In one recent article, Geddes observes that Ryan Air is rethinking transport in a way that could be instructive for telecom. He observes that 40-some percent of the revenues of BAA, the company that runs most of the UK's airports, is due to shopping, parking, etc. Further to this, he notes that Ryan Air is "heading towards a model of 'reverse landing fees', where they get paid to deliver wallets within reach of geographically-bound businesses." They're launching new routes from Prestwick, a private airport near Glasgow, and the Scottish government is softening up. This generalizes to telecom in a couple of ways. First, Ryan Air rethought its place in the value chain. Second, Ryan Air was not locked into one infrastructure provider.

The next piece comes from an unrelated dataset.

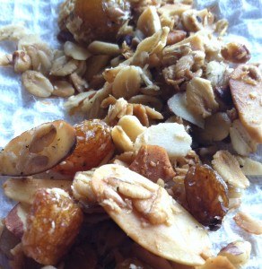 Using a base of nuts, seeds and slow cook oats, who haven’t been robbed of their fiber (the problem with instant oats, rice, etc), this sweet crunchy granola provides 3 grams of fiber and 6 grams protein per 1/3 cup serving. We’ve also reduced the amount of oil, and thus saturated fats, traditionally used in granola. Fortunately, the fat that remains is the healthy naturally-occurring monounsaturated fat and Omega 3s found in the nuts and seeds. In a world where sugar is frequently the second ingredient in most cereals (or organic evaporated cane juice), it’s tough work making a healthy low-sugar alternative that also tastes sweet. I choose the natural sweetness of honey, using a drastically reduced amount for a recipe this size, and calorie free stevia. Adding a generous amount of fresh lemon juice helps further up the sweet content and enhance the flavor of ginger, my favorite spice.
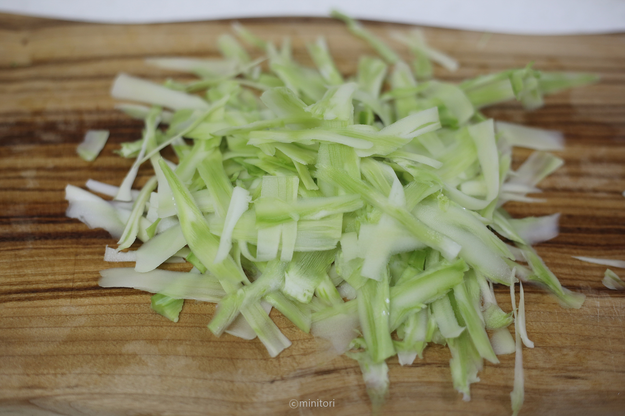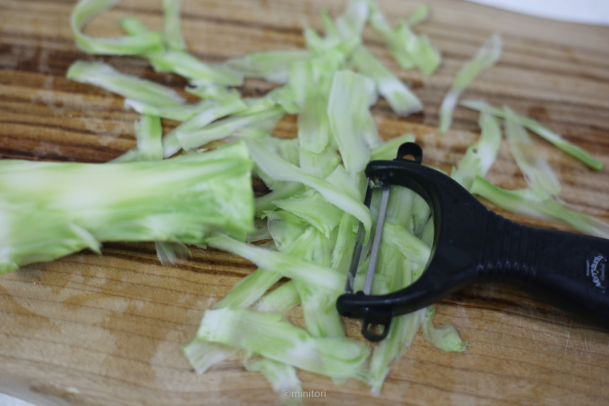1. 브로콜리 줄기는 깨끗이 씻어 초록 겉껍질은 벗겨내고 필러로 얇게 채썬다. (겉껍질은 식감이 질겨 벗겨내고 만드는걸 추천드려요)

In another article, Geddes speculates on why Vonage might fail. (Might fail? I'd say it's all but stone-certain!) He says that Vonage is locked into the old telephony paradigm by the single-function Cisco ATA-186, and that Vonage is trying to arbitrage around all the regulatory baggage of local-loop-classic (i.e., taxes, universal service fund, etc.). In other words, Vonage wants to be a low cost player in the old value space. Geddes observes, correctly, that to succeed Vonage will have to do something that the phone company **can't** do. Correct again.

As Jonathan Rosenberg, co-creator of SIP, says, "The killer communications apps have not been discovered yet." (That's a paraphrase.) As Clayton Christensen says, "Compete against non-consumption." New forms won't start out looking anything like the old forms, but they will expand into the value space of the old forms. The trick is to find the new forms.

The old space is easy enough to move into. Addaline.com is a 7-person mom-and-pop ISP with no special voice expertise, but it saw voice as a new source of ISP revenue, so it is providing credible competition to Vonage in a handful of area codes. Others will follow, decimating the revenue base of the telcos.

Geddes is right that Vonage does not address the long run impact of VOIP -- the important thing won't be voice, it will be what you can do over IP.